Discussion Questions

  1. UK Biobank participants consented to "future health-related research" — which included research into behavioral and psychological traits, research by pharmaceutical companies, and research that may produce commercially valuable products. Was this consent adequately informed? What specifically would you require to be disclosed before participants could meaningfully consent to contributing to a biobank?

  2. The chapter notes that genetic data creates third-party exposure — your relatives are partially characterized by your genome. UK Biobank participants could not consent on behalf of their relatives. How should biobank governance handle this unavoidable feature of genetic data?

  3. UK Biobank's 94% white British enrollment was not a deliberate policy choice but a consequence of who volunteered and was accessible. Is the resulting representational inequity morally problematic, even though no one intended it? Who bears responsibility for remediation, and what should remediation look like?

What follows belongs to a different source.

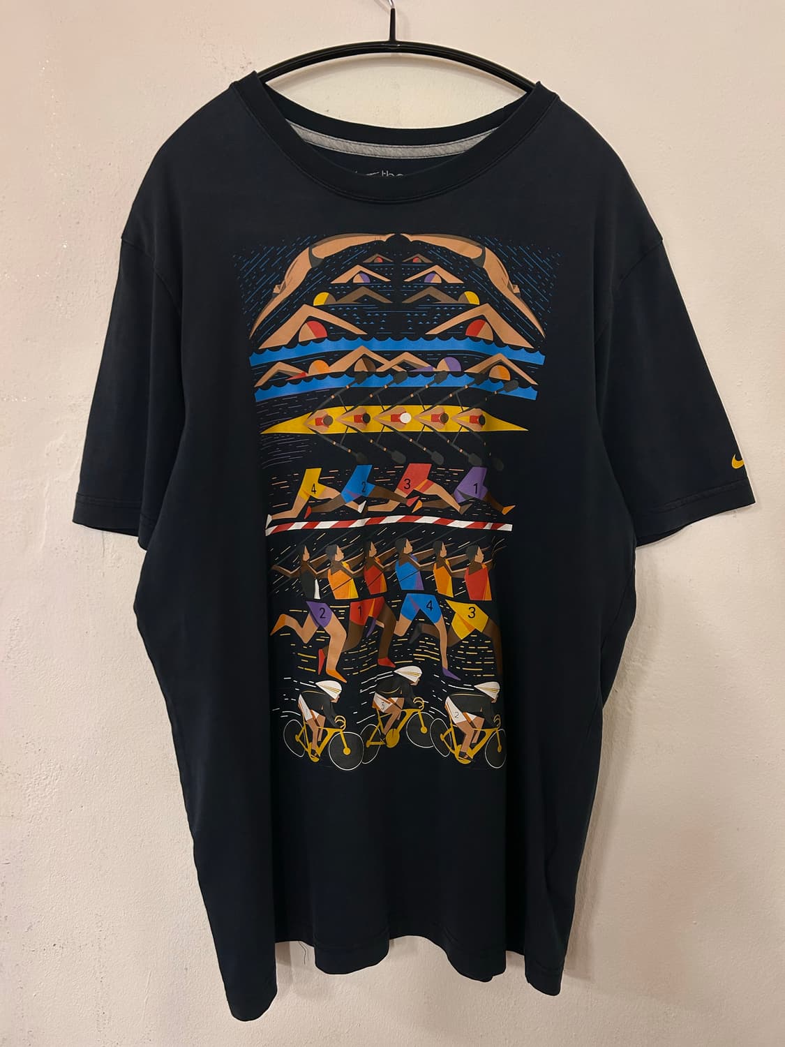 나이키 그래픽 반팔 티셔츠입니다. 사이즈는 XL로 넉넉하게 착용하기 좋습니다. 네이비 색상 약간의 물빠짐있으나 크지 않아요. 캐주얼한 그래픽 디자인으로 데일리룩에 활용하기 좋은 아이템입니다. 앞면에 보이는 흰 선 자국은 스팀으로 인해 생긴 자국으로 세탁 시 사라집니다. 큰 하자 없이 전체적으로 상태 양호합니다. 가슴너비 55 총장 70 ※ 제품 특성상 교환 및 환불은 불가하오니 구매 전 충분한 확인 부탁드립니다. 배송비 안내 반값택배 2,000원 일반택배 4,000원

  4. Pharmaceutical companies use UK Biobank data to discover drug targets, then develop and patent drugs that may be priced beyond the reach of the participants whose data contributed to the discovery. Is this unjust? If so, what specific mechanisms would you propose to address it? Consider: a) participant benefit-sharing (cash payments or drug discounts); b) open licensing requirements for discoveries based on public data; c) caps on drug pricing for products developed using publicly subsidized data.

  5. The chapter's discussion of re-identification concludes that governance restrictions (prohibiting re-identification attempts) cannot prevent unauthorized actors from attempting re-identification. Does this mean that genetic biobanking is inherently incompatible with adequate privacy protection? Or are there technical or governance measures that could reduce the re-identification risk to acceptable levels? What would "acceptable" mean in this context?

This case study connects to Chapter 7 (biometrics and bodily data), Chapter 24's main text on biobanks and genetic surveillance, and Chapter 31 (legal frameworks for health data including GDPR provisions on sensitive data). For additional context, see the UK Biobank's own ethics documentation at ukbiobank.ac.uk.